*WHAT IS BEING ASKED:*
Nothing but the text belongs in the answer: the listing below, copied exactly, without pictures.

● ● ● ● ● ● ●

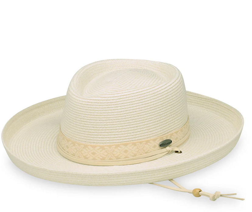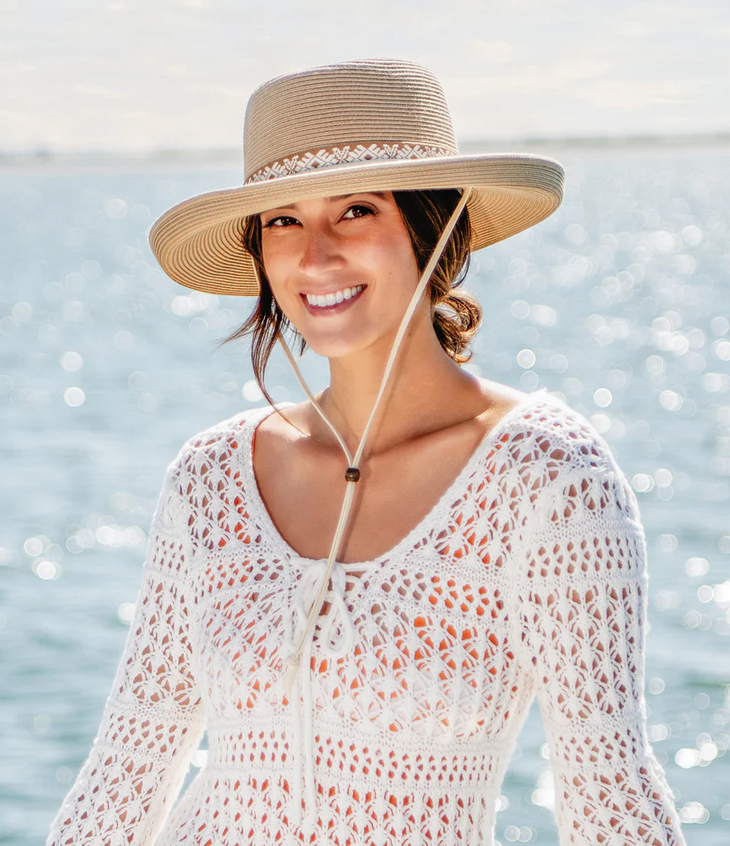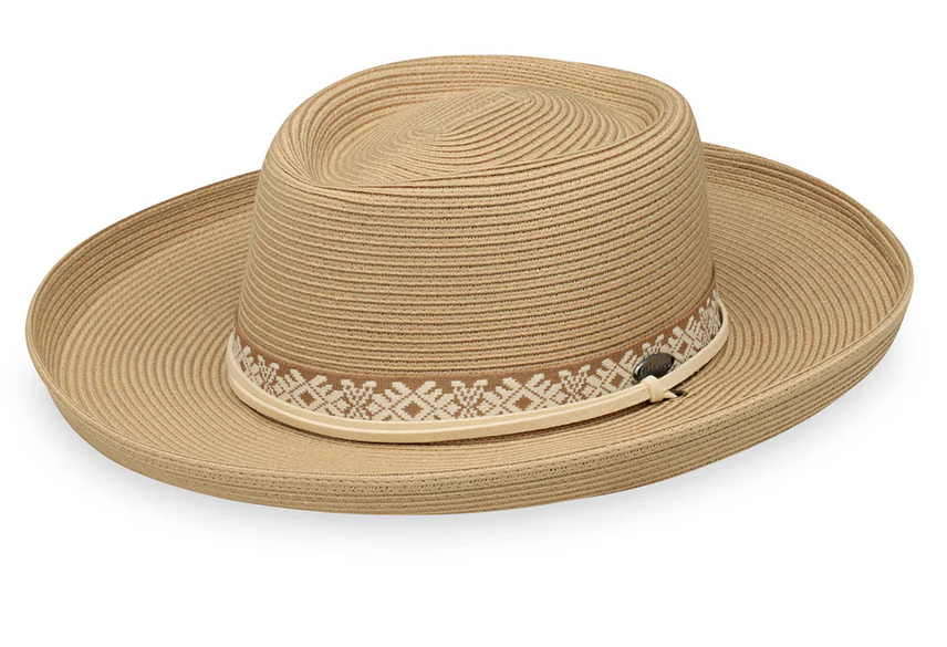 Step out in style with this distinguished UPF 50+ Flexi-Weave fabric gambler hat, featuring a classic oval crown, patterned trim, and a sleek pencil brim. The suede and leather chinstrap ensures a secure fit on breezy days, or it can be tucked away for a more refined, sophisticated look. Perfect for any occasion, from casual outings to elevated experiences.
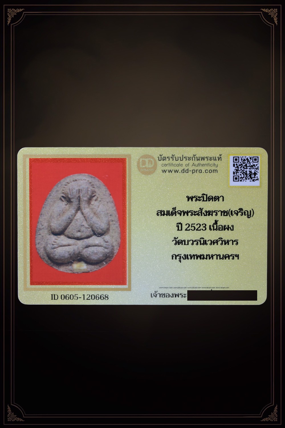 พระปิดตา สมเด็จพระสังฆราช(เจริญ) ปี2523 เนื้อผง วัดบวรนิเวศวิหาร กรุงเทพมหานครฯ
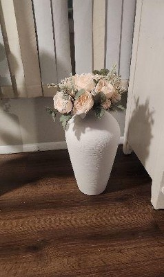 This white textured floor vase is nice size to add some texture to your home. I like that it isn’t overly large and it blends in well with my existing decor. It feels well made and the opening is the right size so your stems aren’t leaning too much
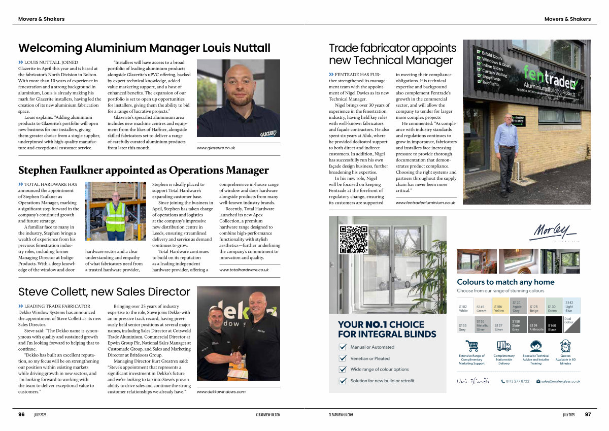 » LOUIS NUTTALL JOINED Glazerite in April this year and is based at the fabricator’ s North Division in Bolton. With more than 10 years of experience in fenestration and a strong background in aluminium, Louis is already making his mark for Glazerite installers, having led the creation of its new aluminium fabrication space.
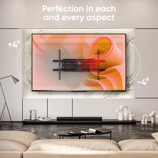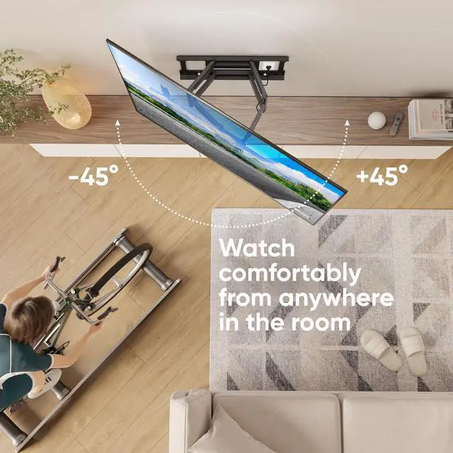 Multiple adjustment options of the large TV wall mount full motion allow you to use your screen comfortably. With adjustable outreach of the long arm TV mount wall, you can position the screen either up against the wall or extend the full motion wall mount TV out.

● ● ● ● ● ● ●

*SOLUTION FOR THIS EXERCISE:*
 Step out in style with this distinguished UPF 50+ Flexi-Weave fabric gambler hat, featuring a classic oval crown, patterned trim, and a sleek pencil brim. The suede and leather chinstrap ensures a secure fit on breezy days, or it can be tucked away for a more refined, sophisticated look. Perfect for any occasion, from casual outings to elevated experiences.
 พระปิดตา สมเด็จพระสังฆราช(เจริญ) ปี2523 เนื้อผง วัดบวรนิเวศวิหาร กรุงเทพมหานครฯ
 This white textured floor vase is nice size to add some texture to your home. I like that it isn’t overly large and it blends in well with my existing decor. It feels well made and the opening is the right size so your stems aren’t leaning too much
 » LOUIS NUTTALL JOINED Glazerite in April this year and is based at the fabricator’ s North Division in Bolton. With more than 10 years of experience in fenestration and a strong background in aluminium, Louis is already making his mark for Glazerite installers, having led the creation of its new aluminium fabrication space.
 Multiple adjustment options of the large TV wall mount full motion allow you to use your screen comfortably. With adjustable outreach of the long arm TV mount wall, you can position the screen either up against the wall or extend the full motion wall mount TV out.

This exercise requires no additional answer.